The Hawks were less thrilled with Canada and they all quit and went back to ‘Merka, except for Levon Helm, the good ol’ boy drummer. Ronnie Hawkins was forced to recruit a new set of Hawks. He found some good ol’ Ontario boys in Robbie Robertson, Rick Danko, Richard Manuel and Garth Hudson. This version of The Hawks was rehearsed within an inch of their lives by Hawkins, a notorious perfectionist. When, some 5 or 6 years later, this tight group of Hawks up and quit on Hawkins, they changed their name to The Band and worked with some barely known folk singer named Bob Dylan in a barely known town in upper New York named Woodstock.

This is why, in homage to their early mentor, Ronnie Hawkins appeared at The Last Waltz.



When the band called The Hawks quit to become The Band, Hawkins hired a new band, which he called “And Many Others.” When, some 4 years later, Hawkins fired “And Many Others” they took the name Crowbar. This was also in homage to Hawkins who told them as he sacked them, “You guys are so crazy, you could fuck up a crowbar in 3 seconds.”

Crowbar became one of Canada’s best-known bands, who had a huge hit in 1971 with “Oh, What A Feeling.”

John Lennon & friends bundled against the Canadian cold

I wasn’t as lucky as John Lennon, who hung out at Ronnie’s farm signing his Bag One lithographs while planning a peace festival. However, I was still fortunate enough to meet Ronnie Hawkins twice. Both times he had me laughing so hysterically, my sides hurt.

The first was soon after he appeared as a special guest vocalist on a spoken word LP by Xaviera Hollander, still in the flush of success following the publication of The Happy Hooker: My Own Story. Hawkins was helping her promote the GRT release and appeared on my show at Radio Sheridan, the college campus station. During the interview he swore more than I had ever heard anyone swear before, telling one obscene joke after another.

This was only a week after Xaviera Hollander simulated giving me fellatio under the table during her interview about the LP. As Station Manager I was called on the carpet for the “inappropriate” content of the Hollander interview. Now Ronnie Hawkins had me in stitches and he was being far more obscene than Xaviera had been. As I doubled over in side-splitting laughter, I couldn’t help but think the administration was going to revoke our license to operate. Luckily nothing happened. Either the admin didn’t get wind of it, or John Bromley decided we were a lost cause.
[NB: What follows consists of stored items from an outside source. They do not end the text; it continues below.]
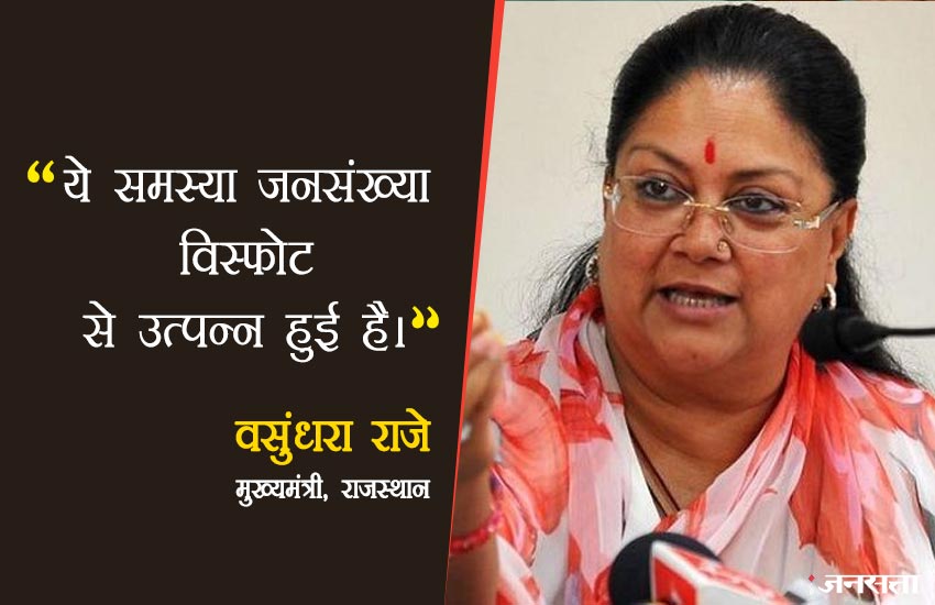 राजस्थान के अलवर में 20 जुलाई को गो-तस्करी के शक में भीड़ ने रकबर उर्फ अकबर नाम के शख्स की पिटाई कर दी जिसकी बाद में पुलिस हिरासत में मौत हो गई। इससे पहले भी राजस्थान में मॉब लिंचिंग हो चुकी है। जब राज्य की मुख्यमंत्री वसुंधरा राजे से इस पर प्रतिक्रिया पूछी गई तो उन्होंने मॉब लिंचिंग पर बेतुका बयान दिया। सीएम वसुंधरा ने कहा कि ये समस्या जनसंख्या विस्फोट से उत्पन्न हुई है। सीएम ने कहा, “लोगों को रोजगार चाहिए। वे इस बात से निराश हैं कि वो रोजगार के लिए काबिल नहीं बन पा रहे हैं। एक निराशा का भाव है जो लोगों और समुदायों में फैल रहा है। यह ऐसा कुछ नहीं है जो राज्य से आ रहा है। ऐसा लोगों की स्थितियों के कारण उनके गुस्से के तौर पर बाहर आ रहा है।’ वसुंधरा ने ये भी कहा कि यह सिर्फ राजस्थान की सच्चाई नहीं है, यह दुनिया की सच्चाई है और दुनियाभर में ऐसी घटनाएं हो रही हैं।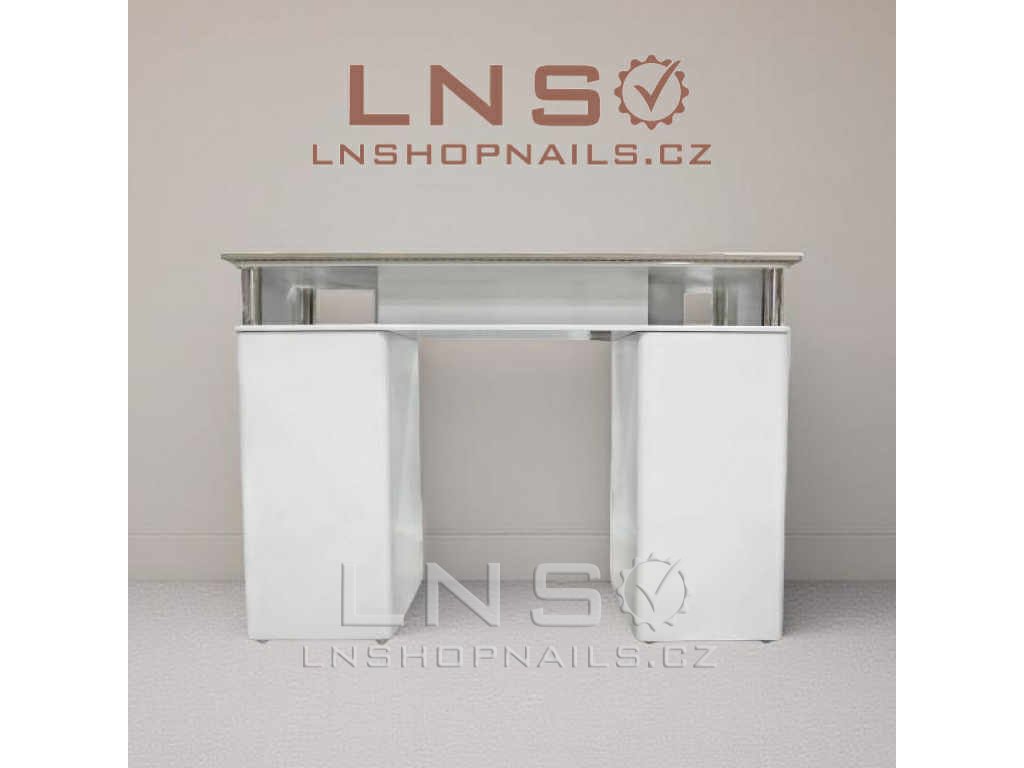 Bàn LNS M2 kích thước 115 × 51 × 78 cm, mặt đá trắng mỏng, sang trọng – tích hợp máy hút Turbo công suất 115W hút bụi siêu mạnh.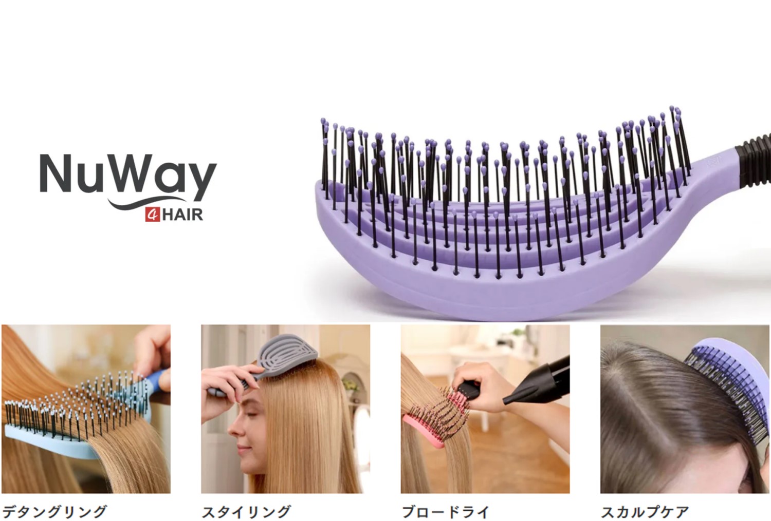「NuWayBrush(ニューウェイブラシ)」は、頭皮と髪にベストな状態で、ブラッシングできる技術を詰め込んだヘアブラシ。独自開発技術のBrainyBristles®(ブレイニーブリストル)が、一本のブラシでデタングリング、ブロードライ、スタイリング、スカルプケアの4役まで行えます。絡まりやすい細い髪や傷んだ髪、濡れた髪でも引っ張ることなくやさしくブラッシングし、触りたくなる髪を作り出します。

The next time I ran into Ronnie Hawkins was more than 15 years later. I was working at Citytv by then and heard a loud voice coming from a room that was normally locked and used for storage. I peeked inside and Ronnie Hawkins was pacing the room all by himself, rehearsing some words that he was expected to tape for MUCHMusic, which was broadcast out of the same building. He noticed me in the doorway and stopped, so I reintroduced myself to him and reminded him of the interview and how much I feared being called up in front of the administration for it, but it would have been worth it.
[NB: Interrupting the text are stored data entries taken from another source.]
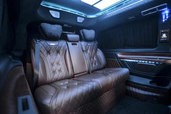 奔驰V250迈巴赫S680乘客舱第二排多功能座椅,可旋转,并带有脚托功能,舒适乘坐,附有加热、通风、电动调节、腿托、按摩、记忆、电动头枕、电动靠背等功能,座椅支持180度旋转。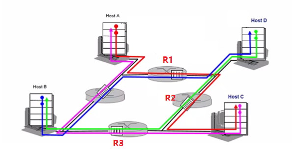 下面是一个因为拥塞丢包的例子:Host A通过红色的路线经过R1、R2发送给Host C,Host D 通过红色的路线经过R2、R3发送给Host B,如果在R2路由器发生了拥塞,导致Host A发送的数据包丢失了,那么Host A就必须重发并且R1的转发就浪费了。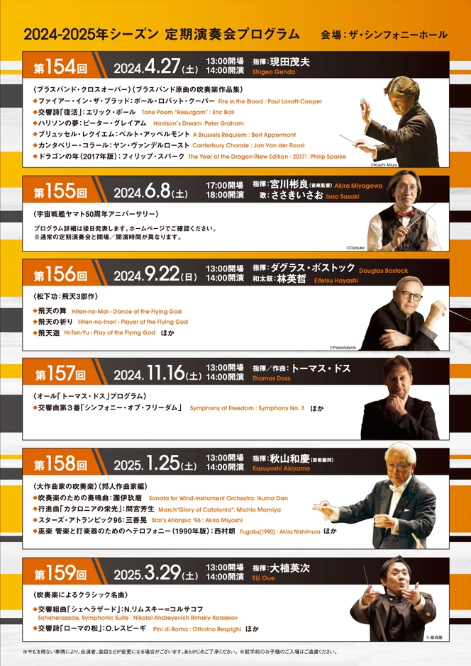 日本で最も長い歴史と伝統を誇る交響吹奏楽団「Osaka Shion Wind Orchestra(略称:Shion)」を有する公益社団法人大阪市音楽団(本社:大阪市住之江区/理事長:石井徹哉)は、2024-2025年のシーズンラインナップを発表しました。本年も作曲者自らが指揮を務める演奏会から、巨匠や名匠の出演と、彩り豊かな定期演奏会を6公演。50周年アニバーサリーとなる宇宙戦艦ヤマトの特別なプログラムでは、豪華ゲストを迎えます!

While not acknowledging whether he remembered me or not, he started off on a series of obscene one-liners that didn’t stop until he was fetched 15 minutes later for his close-up.

There are two stories I’ve heard about Ronnie Hawkins and I pray to the Flying Spaghetti Monster neither of them are apocryphal:

After Ronnie Hawkins had his first brush with fame, he decided he deserved a Rolls Royce. He went to the Rolls Royce dealer on Bay Street in Toronto looking like a Hippie and the saleman treated him like something that had stuck to the bottom of his shoe. He wouldn’t even let Hawkins have a test drive. Imagine that! Hawkins left and came back a short time later. He slapped — in cash — the asking price of a Rolls Royce on the hood of one and drove it out of the showroom.

The second story is from when Hawkins was hiring the [not yet] The Band to be The [replacement] Hawks. As incentive he apparently said, “Sign up with me boys and you’ll get more pussy than Frank Sinatra.”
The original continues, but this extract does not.